■ **SOURCE MATERIAL**:
[Start of Attachment]

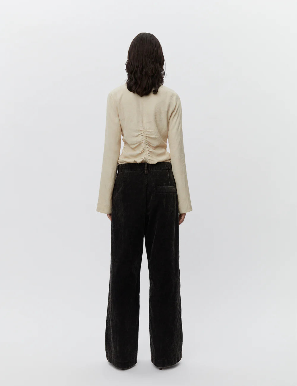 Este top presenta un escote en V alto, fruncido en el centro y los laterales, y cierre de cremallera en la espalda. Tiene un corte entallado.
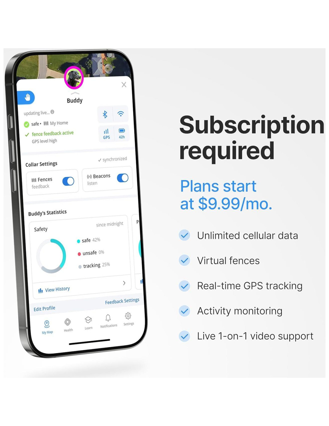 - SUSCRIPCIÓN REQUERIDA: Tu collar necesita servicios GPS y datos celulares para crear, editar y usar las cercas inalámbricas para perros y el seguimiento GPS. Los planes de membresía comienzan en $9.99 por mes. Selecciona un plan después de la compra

[End of Attachment]
[Start of Attachment]

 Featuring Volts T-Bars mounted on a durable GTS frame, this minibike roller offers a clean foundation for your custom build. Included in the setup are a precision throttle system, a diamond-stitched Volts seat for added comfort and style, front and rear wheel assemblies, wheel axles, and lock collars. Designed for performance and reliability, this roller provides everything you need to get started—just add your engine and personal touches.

[End of Attachment]

Give again the lines of the listing above that run from the one with "Este top presenta" up to and including the one with "- SUSCRIPCIÓN REQUERIDA: Tu". Keep them exact and omit the pictures.

■ **EXERCISE RESULT**:
 Este top presenta un escote en V alto, fruncido en el centro y los laterales, y cierre de cremallera en la espalda. Tiene un corte entallado.
 - SUSCRIPCIÓN REQUERIDA: Tu collar necesita servicios GPS y datos celulares para crear, editar y usar las cercas inalámbricas para perros y el seguimiento GPS. Los planes de membresía comienzan en $9.99 por mes. Selecciona un plan después de la compra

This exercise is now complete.